ガダルカナル島攻防戦

(昭和17年7月~昭和18年2月)

背景

「ミッドウェー海戦」の1ヵ月後、昭和17年7月6日、日本軍の設営隊がソロモン諸島ガダルカナル島に上陸、ジャングルを切り開いて飛行場建設を開始した。日本軍は「ミッドウェー海戦」で正規空母4隻を失ったが、第二段作戦の目的である米豪遮断構想は放棄されていなかった。日本軍はガダルカナル島に建設中の飛行場を中継基地としてフィジー・サモア・ニューカレドニア諸島を攻略しようとしたのである。飛行場完成を8月と見込み、9月中旬からフィジー・サモア・ニューカレドニア諸島攻略を実施する予定であった。同様に東部ニューギニアに於いても「珊瑚海海戦」(昭和17年5月7日~8日)によって海路からのポートモレスビー攻略は断念したものの、東部ニューギニアの山間部(オーエンスタンレー山脈)を越える陸路からのポートモレスビー攻略が計画された。

この頃米国の目下の主目的は欧州戦線であり、兵力・資材とも欧州に優先的に配分されていたが、太平洋戦線に於ける米国の戦争指導は俄かに活発化していた。米軍は「ミッドウェー海戦」で正規空母1隻を失ったもののも、東太平洋方面の脅威を取り除く事が出来たのである。併しながら、南太平洋方面では日本軍が東部ニューギニアのポートモレスビーに迫り、ソロモン諸島を窺っていた。そこで米軍はソロモン諸島方面での反攻作戦(「ウオッチタワー作戦」)を計画した。ソロモン諸島を確保することで豪州との連絡線を保持し、今後の日本に対する攻勢の足掛かりにしようとしたのである。さらに東部ニューギニアに於いても航空兵力を強化、豪州軍と協力して日本軍と対峙していた。こうして大東亜戦争は南太平洋方面(ソロモン諸島・東部ニューギニア)を舞台にして日米が真っ向から激突する事となった。

ガダルカナル島の飛行場建設(昭和17年7月)

第二段作戦の目的は米豪遮断であり、ミッドウェー島・アリューシャン列島攻略後の次なる目標はフィジー・サモア・ニューカレドニア諸島攻略であった。その為の中継基地として日本軍が注目したのがソロモン諸島ガダルカナル島である。ガダルカナル島はラバウル南東約600海里(1100㌔)に位置し、大きさは東西160㌔・南北55㌔、北部のルンガ川の辺には平地があり、ソロモン諸島で飛行場建設可能な数少ない島である。ところが、日本軍は「ミッドウェー海戦」(昭和17年6月5日~7日)によって正規空母4隻沈没・航空機多数喪失という大敗北を喫した。この結果、日本軍はこれまでのような空母を中心とした艦隊(機動部隊)による積極攻勢が困難になり、以後の作戦計画も延期せざるを得なかった。併しながら、米豪遮断構想が放棄されることは無く、引き続きソロモン諸島ガダルカナル島に飛行場を建設し、基地航空隊の支援の元にフィジー・サモア・ニューカレドニア諸島攻略を目指す事になった。

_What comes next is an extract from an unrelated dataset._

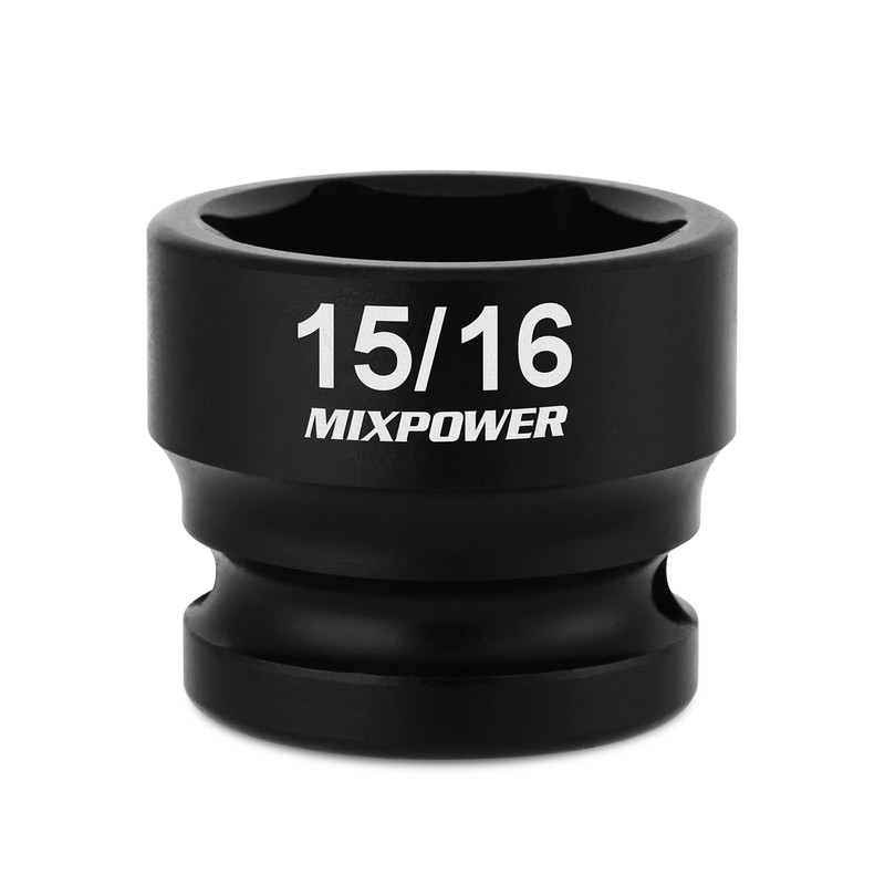 MIXPOWER 1/2" Drive Stubby Impact Socket,CR-MO,15/16",6-Point,SAE,Radius Corner Design, Axle Nut Impact Grade Socket for Easy Removal
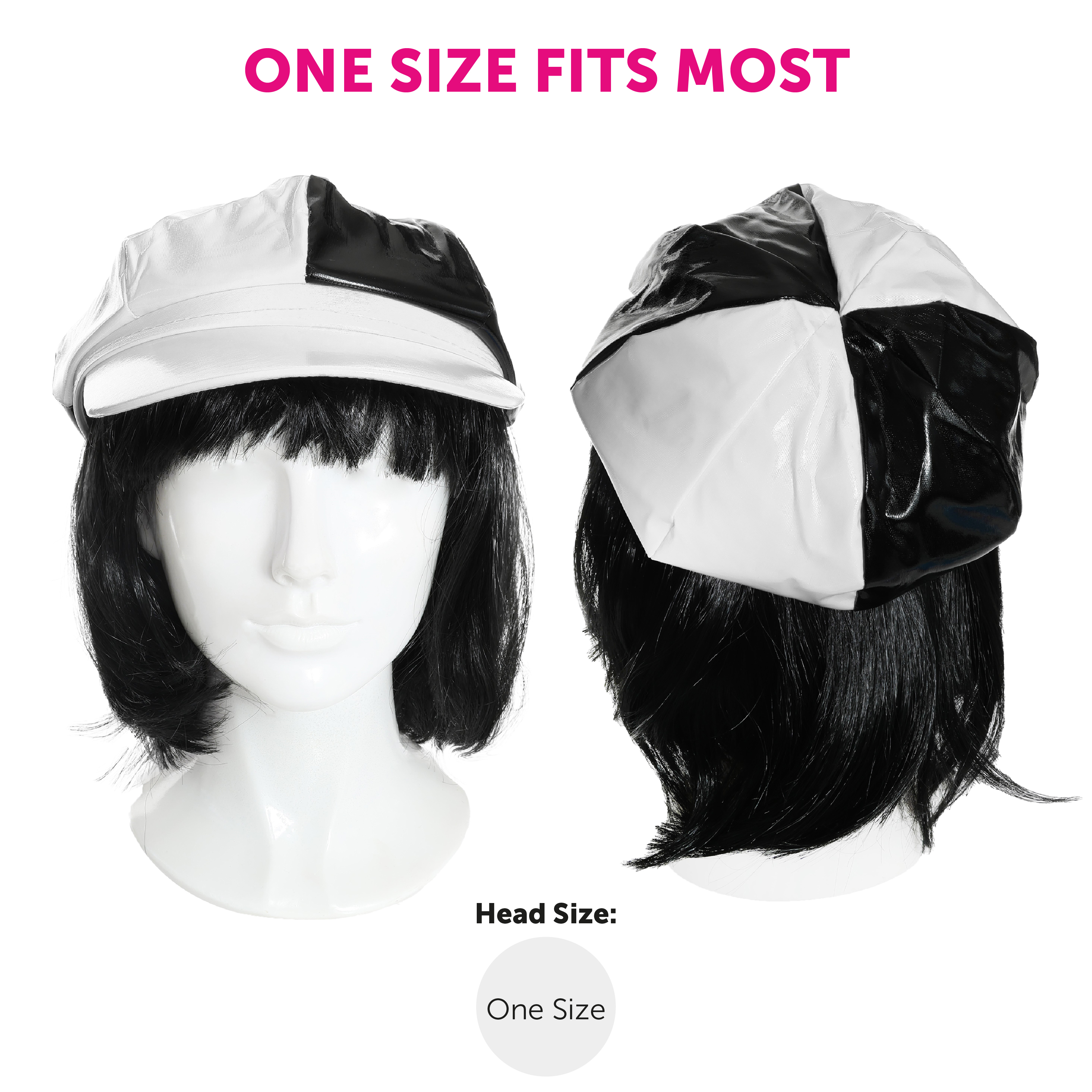 COSTUME DETAILS: Your Ladies Deluxe 60's Go Go Girl Costume includes a White & Black Checkered Shift Dress with a matching White and Black Checkered Hat, a Short Black Bob Wig, Retro White Cat Eye Sunglasses, and Black & White Polka Dot Geometric Earrings, the perfect Costume for any 1960's themed party!

昭和17年7月6日、日本海軍の設営隊がガダルカナル島に上陸。飛行場の建設を開始した。当時の日本軍の土木能力は低く、人海戦術によってジャングルを切り開いていた。飛行場の完成予定は8月、9月中旬からフィジー・サモア・ニューカレドニア諸島攻略を開始する予定であった。ところが、早くも日本軍の飛行場建設は米軍に察知されていた。米軍にとってもソロモン諸島の確保は重要であり、航空偵察やガダルカナル島に潜伏する沿岸監視員から日本軍の作業状況は逐一報告されていたのである。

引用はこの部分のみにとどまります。